-- PROVIDED MATERIAL follows --

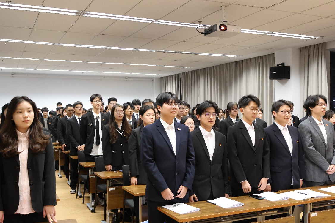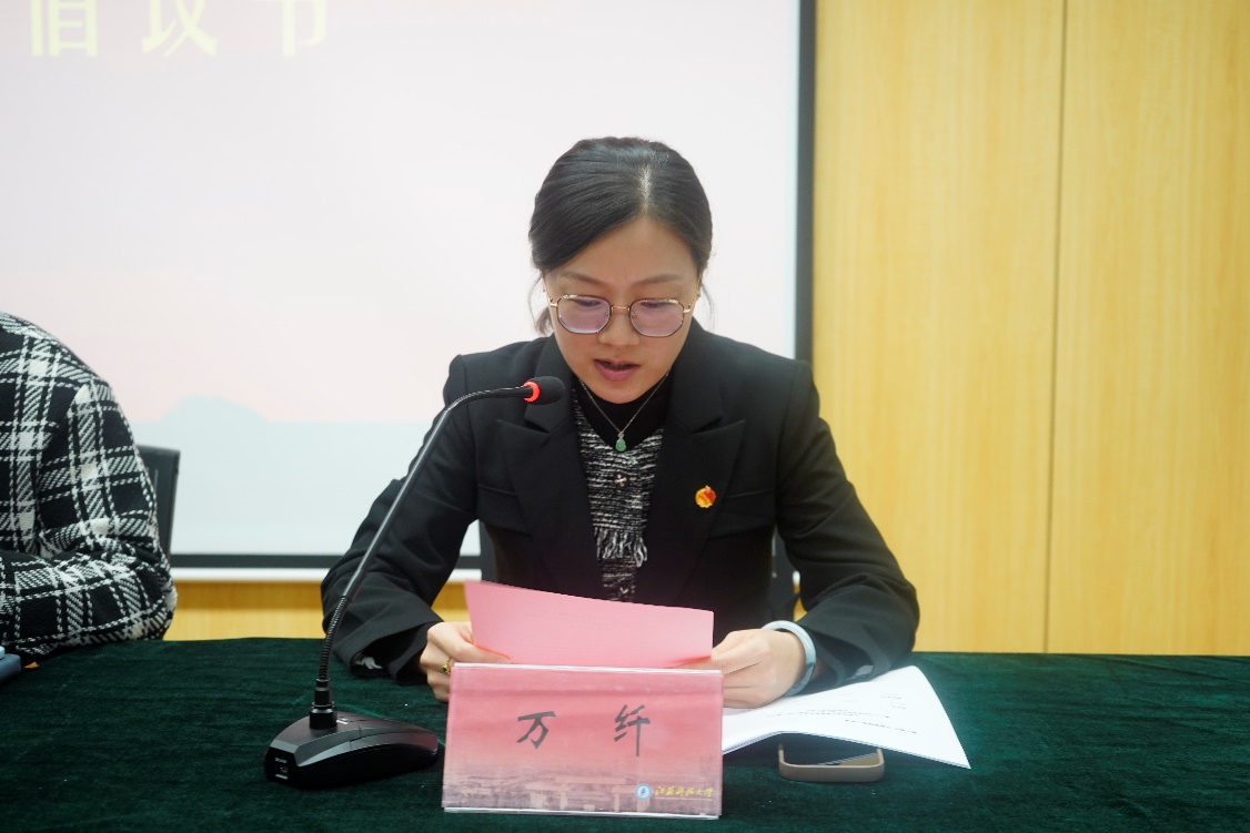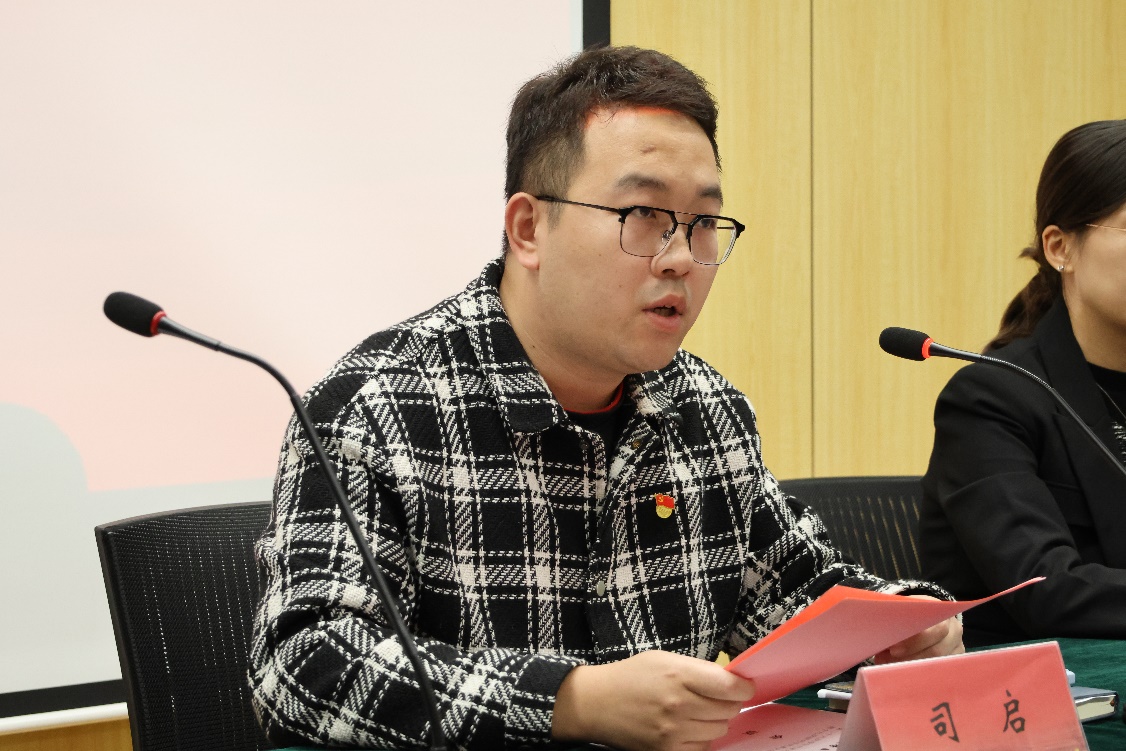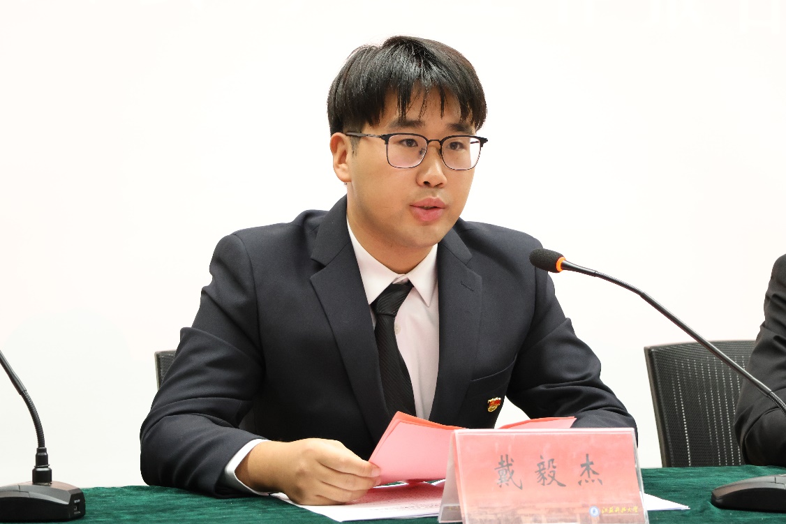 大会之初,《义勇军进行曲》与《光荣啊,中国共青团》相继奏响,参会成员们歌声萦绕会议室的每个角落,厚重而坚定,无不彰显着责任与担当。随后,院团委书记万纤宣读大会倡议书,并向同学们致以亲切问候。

-- PROVIDED MATERIAL concluded --
-- PROVIDED MATERIAL follows --

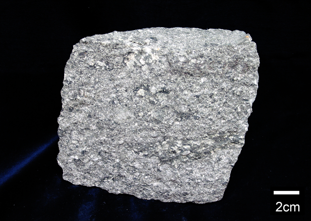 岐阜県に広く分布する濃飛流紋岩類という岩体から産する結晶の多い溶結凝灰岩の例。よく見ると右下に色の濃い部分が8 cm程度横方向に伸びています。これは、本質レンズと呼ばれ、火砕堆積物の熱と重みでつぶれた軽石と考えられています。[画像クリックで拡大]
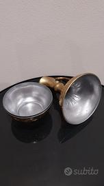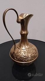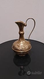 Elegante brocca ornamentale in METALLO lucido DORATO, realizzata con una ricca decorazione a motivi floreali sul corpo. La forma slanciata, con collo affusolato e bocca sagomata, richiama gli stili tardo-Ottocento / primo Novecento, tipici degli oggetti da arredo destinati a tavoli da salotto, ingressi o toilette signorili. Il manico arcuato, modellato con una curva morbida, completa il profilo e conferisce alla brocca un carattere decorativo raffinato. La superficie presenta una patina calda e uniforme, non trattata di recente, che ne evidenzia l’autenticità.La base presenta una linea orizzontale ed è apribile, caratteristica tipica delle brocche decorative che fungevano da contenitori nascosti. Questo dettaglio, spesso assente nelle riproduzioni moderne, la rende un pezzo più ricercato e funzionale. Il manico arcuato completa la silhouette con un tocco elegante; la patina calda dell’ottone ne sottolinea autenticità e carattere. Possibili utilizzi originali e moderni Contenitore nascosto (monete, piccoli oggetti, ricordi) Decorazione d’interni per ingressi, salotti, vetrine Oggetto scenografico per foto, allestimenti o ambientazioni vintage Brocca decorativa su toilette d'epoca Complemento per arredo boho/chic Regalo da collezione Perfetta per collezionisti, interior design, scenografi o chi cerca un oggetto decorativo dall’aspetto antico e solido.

-- PROVIDED MATERIAL concluded --

REQUIRED ACTION: Write out again exactly the lines above from the one with "岐阜県に広く分布する濃飛流紋" through the one with "Elegante brocca ornamentale", adding no other lines and no pictures.

RESULT OF THIS EXERCISE:
 岐阜県に広く分布する濃飛流紋岩類という岩体から産する結晶の多い溶結凝灰岩の例。よく見ると右下に色の濃い部分が8 cm程度横方向に伸びています。これは、本質レンズと呼ばれ、火砕堆積物の熱と重みでつぶれた軽石と考えられています。[画像クリックで拡大]
 Elegante brocca ornamentale in METALLO lucido DORATO, realizzata con una ricca decorazione a motivi floreali sul corpo. La forma slanciata, con collo affusolato e bocca sagomata, richiama gli stili tardo-Ottocento / primo Novecento, tipici degli oggetti da arredo destinati a tavoli da salotto, ingressi o toilette signorili. Il manico arcuato, modellato con una curva morbida, completa il profilo e conferisce alla brocca un carattere decorativo raffinato. La superficie presenta una patina calda e uniforme, non trattata di recente, che ne evidenzia l’autenticità.La base presenta una linea orizzontale ed è apribile, caratteristica tipica delle brocche decorative che fungevano da contenitori nascosti. Questo dettaglio, spesso assente nelle riproduzioni moderne, la rende un pezzo più ricercato e funzionale. Il manico arcuato completa la silhouette con un tocco elegante; la patina calda dell’ottone ne sottolinea autenticità e carattere. Possibili utilizzi originali e moderni Contenitore nascosto (monete, piccoli oggetti, ricordi) Decorazione d’interni per ingressi, salotti, vetrine Oggetto scenografico per foto, allestimenti o ambientazioni vintage Brocca decorativa su toilette d'epoca Complemento per arredo boho/chic Regalo da collezione Perfetta per collezionisti, interior design, scenografi o chi cerca un oggetto decorativo dall’aspetto antico e solido.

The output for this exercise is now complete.